Core Education – Doctors:
Occupational Medicine as a Trainee Consultant
By Professor Harj Kaul
Occupational Medicine-is the branch of medical practice that is concerned with the bi-directional relationship between work and health.
It is not regularly taught at a medical undergraduate level although you might have come across it in other modules such as GP, respiratory and dermatology. Some postgraduate doctors may have had some exposure in their foundation years.
On the other hand, some doctors/medical students may have had some experience as a patient/client/employee/student in accessing an opinion for continuation of their training/employment through occupational health practitioners e.g., nurses and doctors.
It is important that before embarking on this potential career pathway, background reading and making some speciality contact is undertaken. Initially, it may well be with a regional Training Programme Director (TPD), a representative of Health Education England (HEE) or Regional Speciality Adviser (RSA), a representative of the Faculty of Occupational Medicine (FOM). Medical practitioners thinking about the speciality commonly make preliminary contact by email or telephone call.

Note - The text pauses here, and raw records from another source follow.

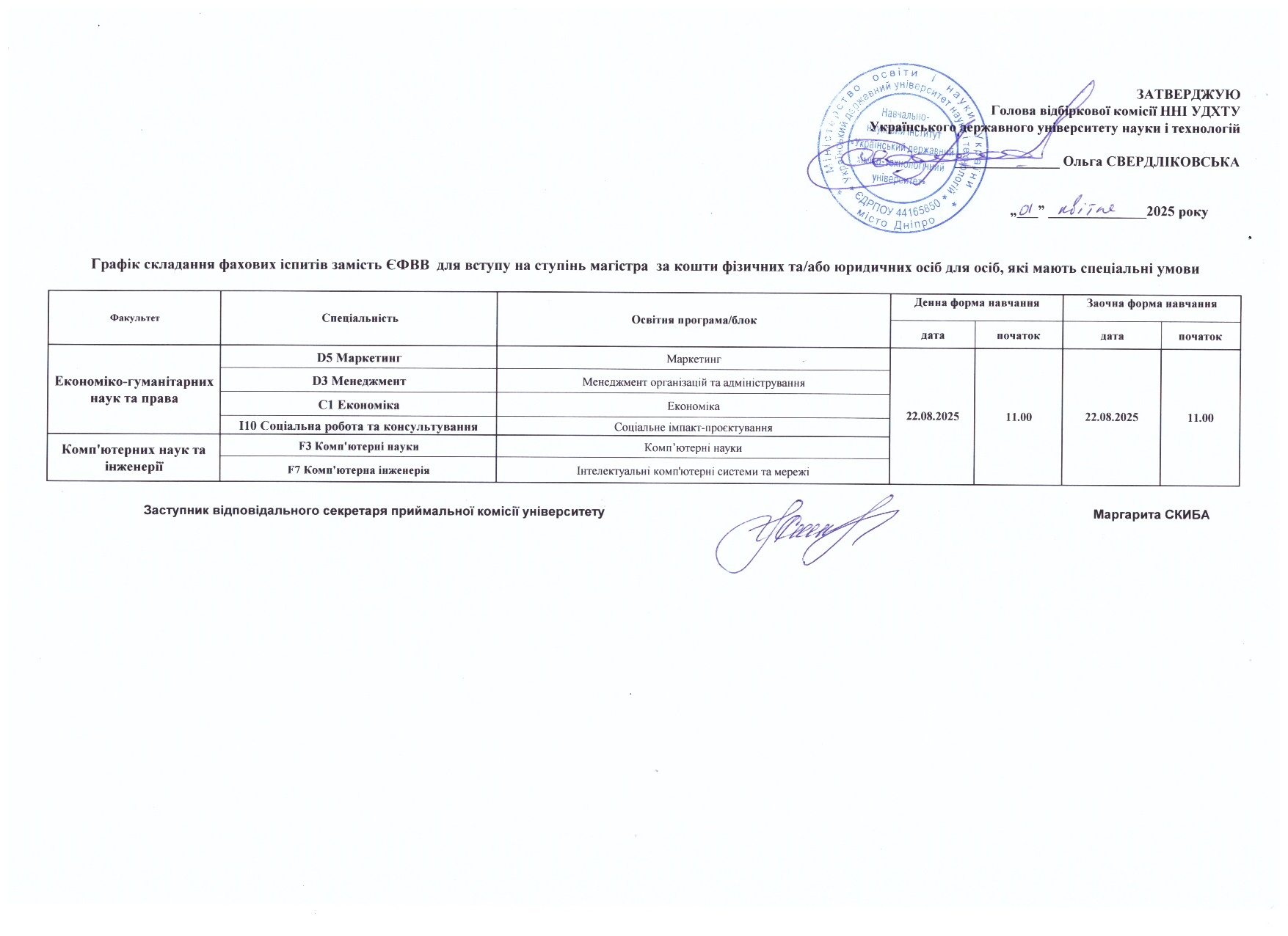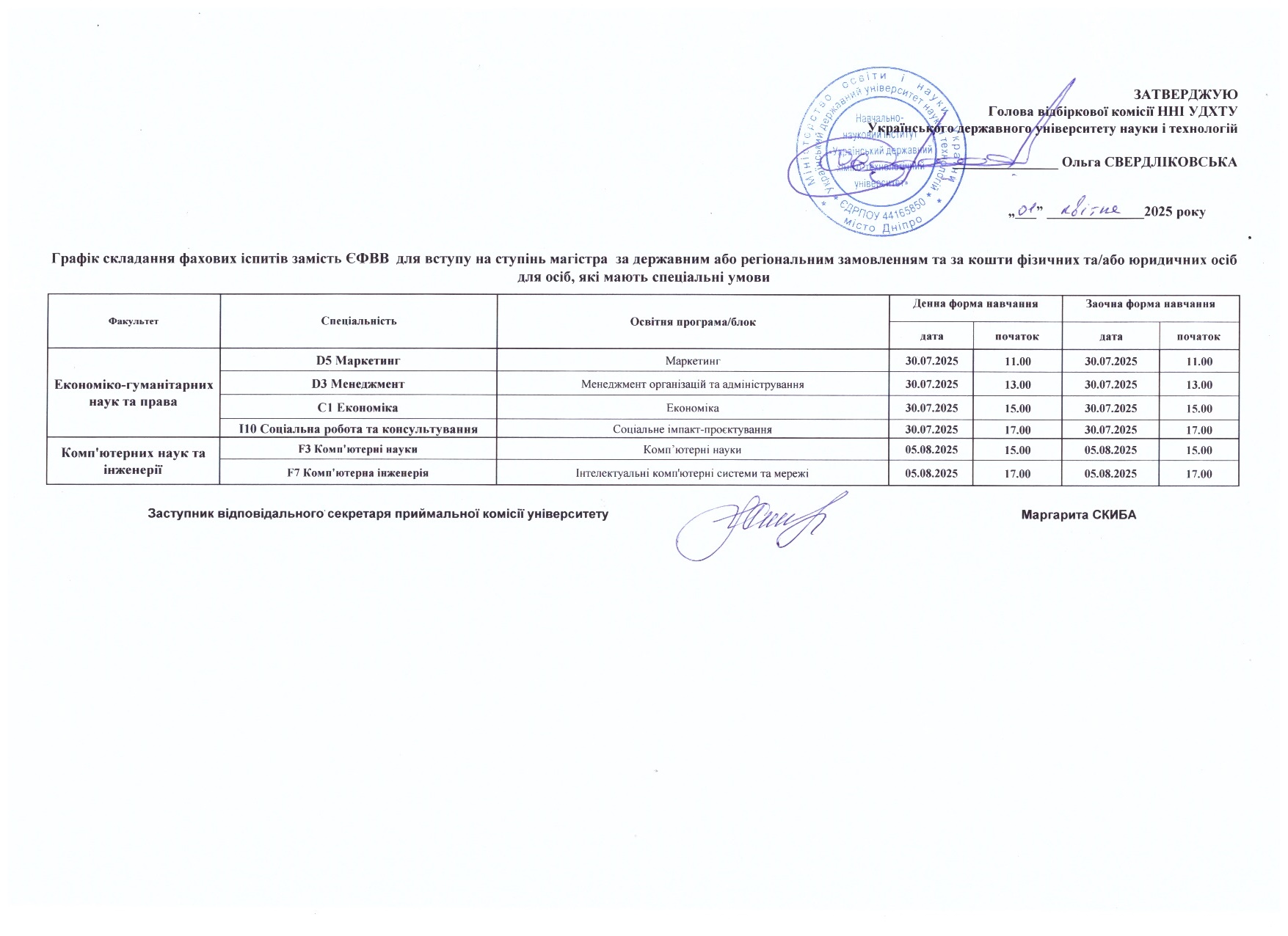 Графік складання фахових іспитів замість ЄФВВ для вступу на ступінь магістра за державним або регіональним замовленням та за кошти фізичних та/або юридичних осіб для осіб, які мають спеціальні умовиГрафік складання фахових іспитів замість ЄФВВ для вступу на ступінь магістра за кошти фізичних та/або юридичних осіб для осіб, які мають спеціальні умови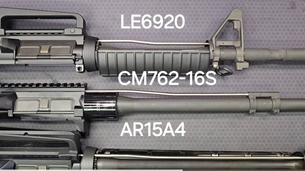 I have had a few questions about the length of the gas system on the Colt CM762-16S that I bought from Arms Unlimited recently. Here is a photo I took of the CM762-16S with a carbine upper receiver and a rifle upper receiver.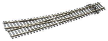 Curved Double Radius Turnout. R/H Electrofrog.Nominal radii: Outside 1524 mm, Inside 762 mm. Length:256 mm.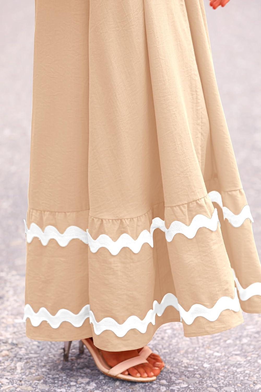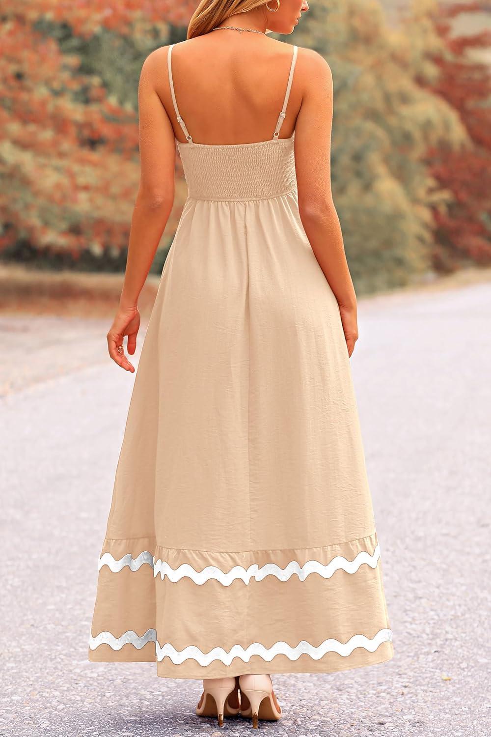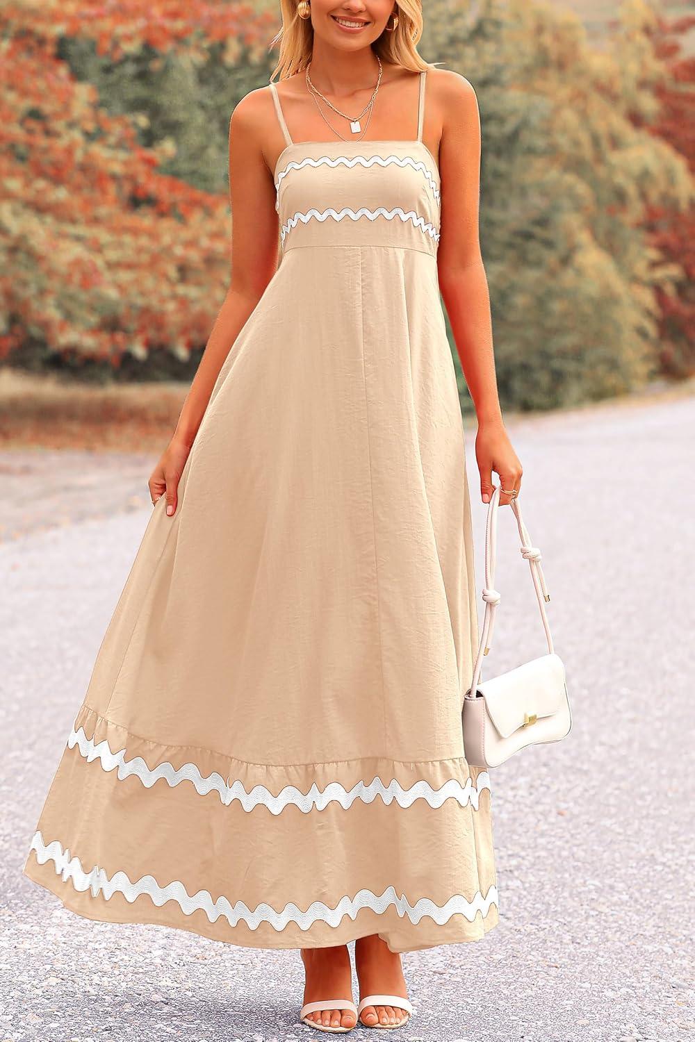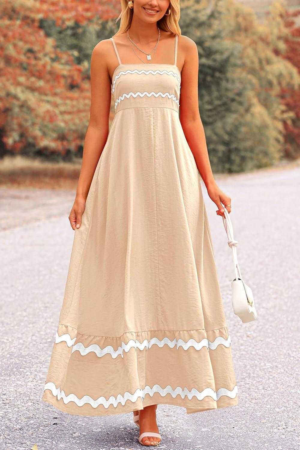 PRETTYGARDEN Women’s 2025 Summer Flowy Maxi Dress Casual Sleeveless Spaghetti Strap Ruffle Beach Long Dresses(Beige)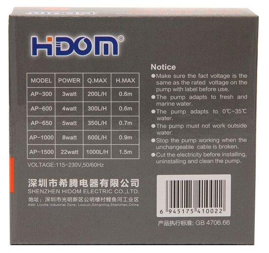 Аквариумные компрессоры и помпы Помпа фонтанная Hidom AP-600, 300 л/ч, 4 Вт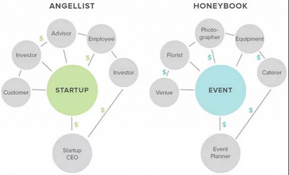 而下图是一些基于AngelList和Honeybook的例子--展示了市场网络生态系统中的多个参与者如何相互影响。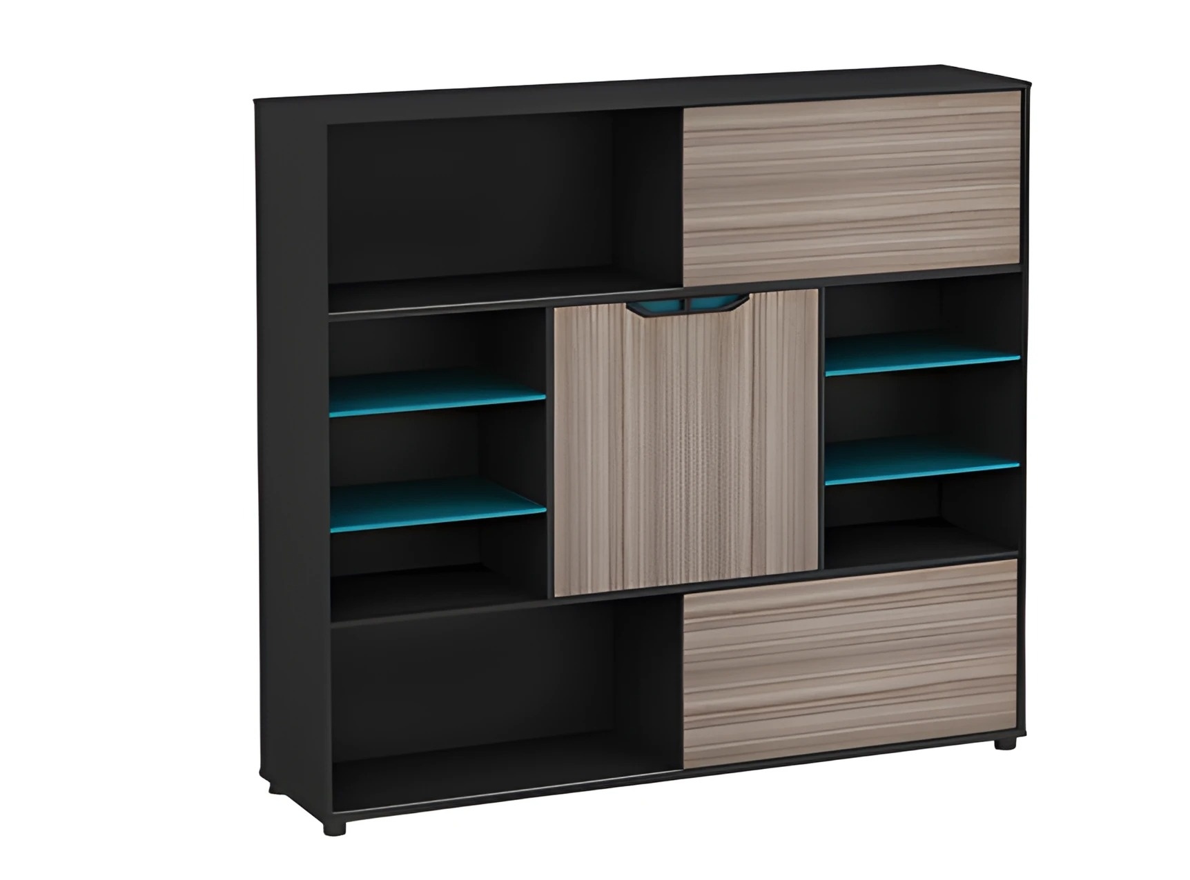 Mobilna komoda z drewna, brązowa i czarna, nowoczesna, z drzwiami i półkami, niebieska, do biura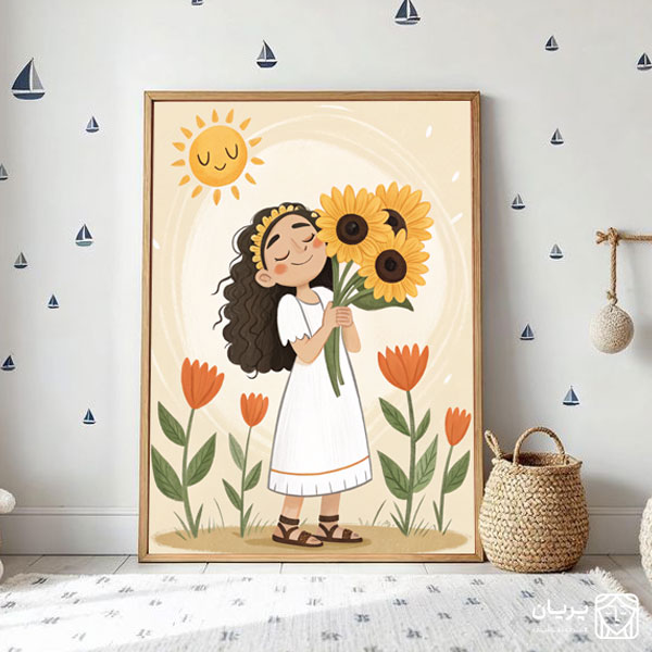 تابلو نقاشی کودکانه دختر آفتابگردان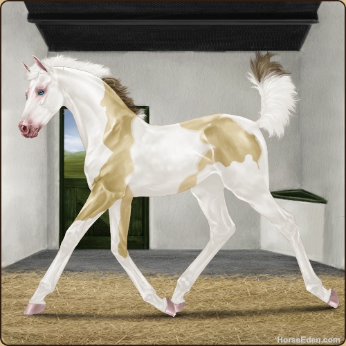 Color: Amber Champagne Tobiano Splash White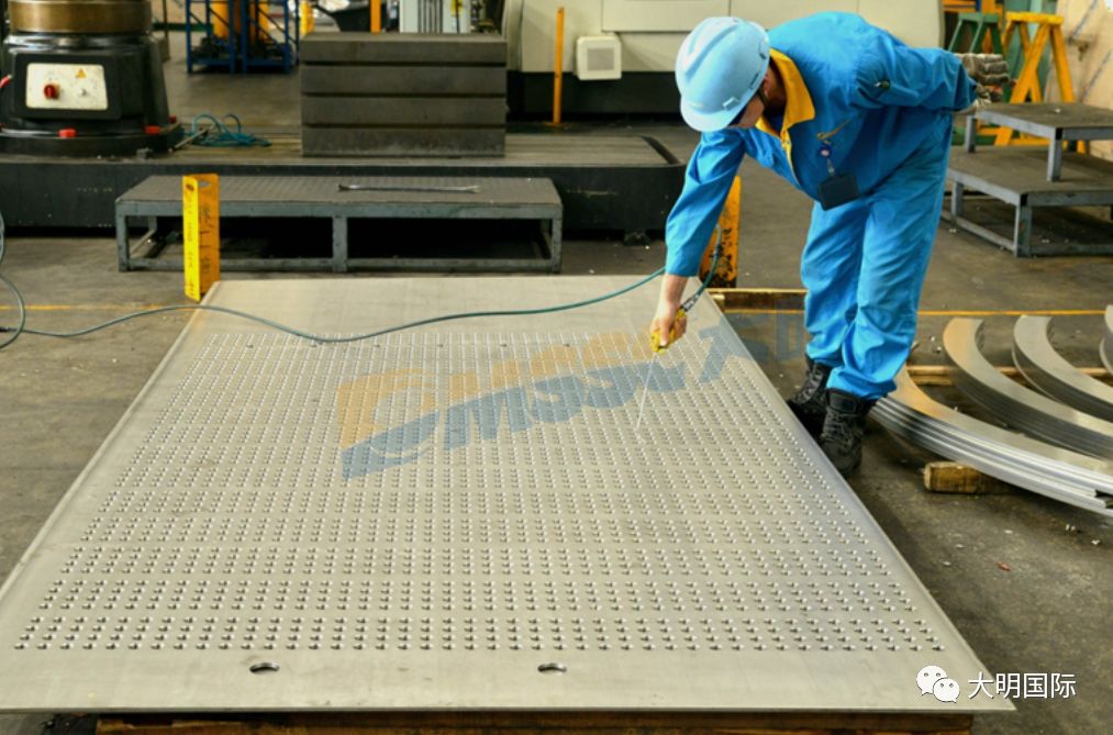 此前,该环保设备客户经过对江苏大明多次考察,非常认可大明的加工设备、配套设计能力及管理体系,于是达成合作。首批订单产品选用8mm厚304不锈钢,江苏大明设计部门经过研讨论证,将客户此前的规格3520mm×3680mm拆分为两块1800mm×3680mm的钢板,加工完毕客户再进行拼装与焊接。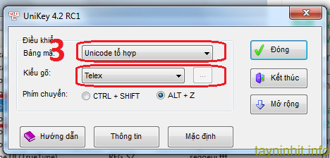 Bước 2: Mở phần mềm gõ tiếng việt Unikey -> chọn tiếp bảng mã Unicode tổng hợp -> kiểu gõ ( ở đây tayninhit chọn kiểu gõ Telex),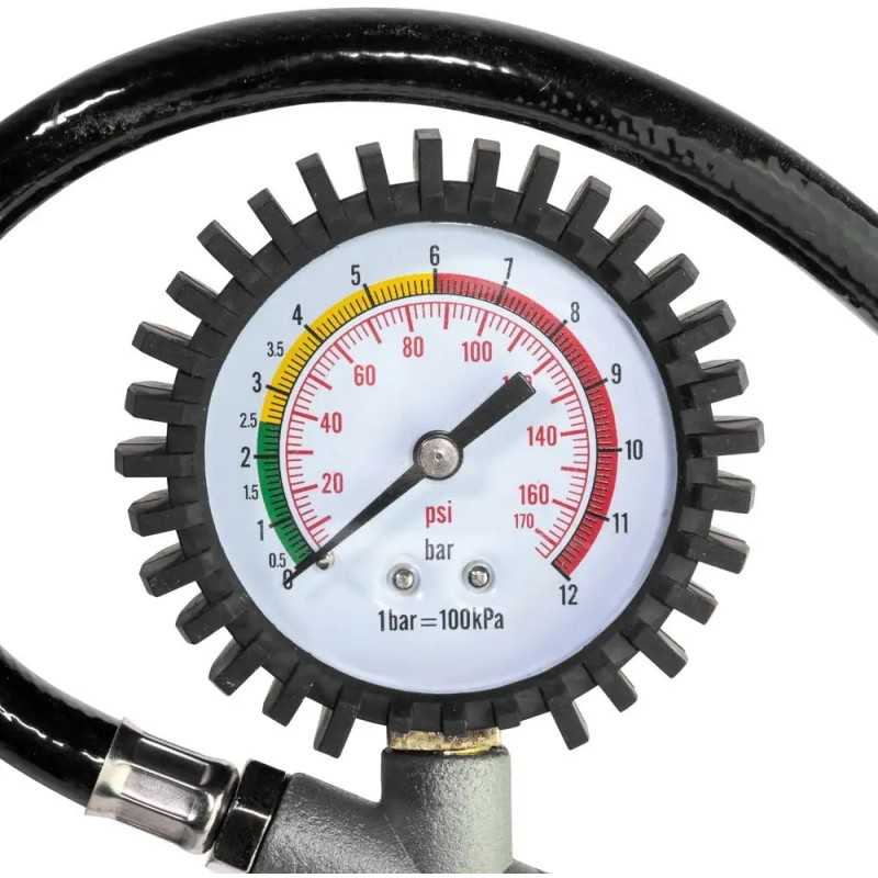 Dækpumpen har et stort manometer med gummikant, som gør det nemt at aflæse trykket, samt kvalitets håndtag af aluminium. Blæsepistolen har ligeledes aluminiums håndtag.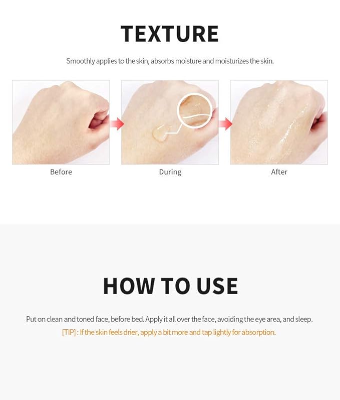- SLEEPING PACK: Skin is the most active at night, during sleep. It is the time when the body - including your skin - recharges. This sleeping pack is designed to supply your skin with the nutrients needed to get a maximum recharge.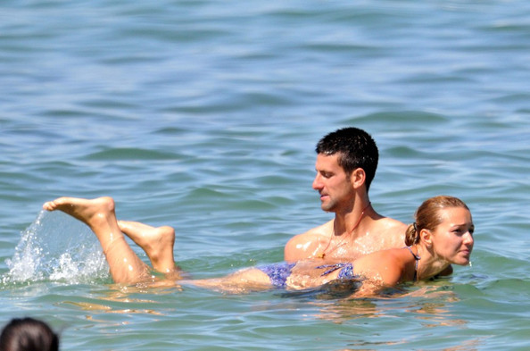 Заедно с гаджето си Йелена Ристич и свои приятели, Джокович разнообразява дните си с игра на волейбол.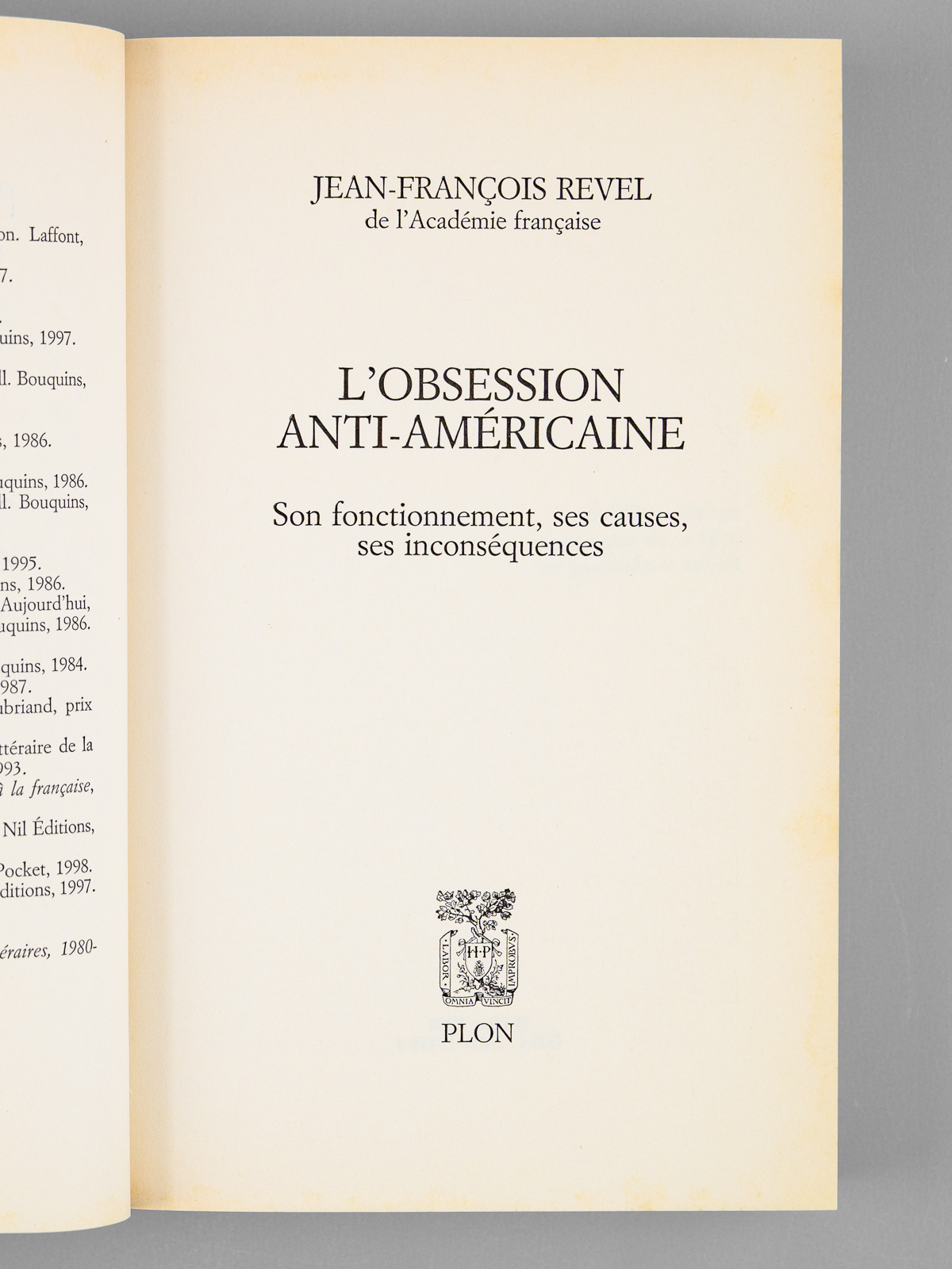 L'obsession anti-américaine - Son fonctionnement, ses causes, ses inconséquences [ Livre signé par l'auteur - Envoi à Maurice Druon ]

Medical Practitioners need to appreciate that this is an intensive training programme, over four years full-time. This equips individuals with broad skills so that after completion of the training, they have the necessary skills to be an independent accredited specialist practitioner registered with the GMC to work across the UK plc employment environment. There are number of chief medical officer posts at board level for national and international companies as well.
A regional TPD/RSA will be happy to be personally contacted to guide individuals. Support with taster sessions is provided, including sitting in clinics and taking part in supervised educational workplace visits. This allows individuals to ask questions and explore what normally constitutes “a Day in the life of an occupational health physician”. Active trainers will have postgraduate doctors in training (PGDiT) within their departments who can be shadowed. This can be very varied depending on the industry and geographical location that they work in.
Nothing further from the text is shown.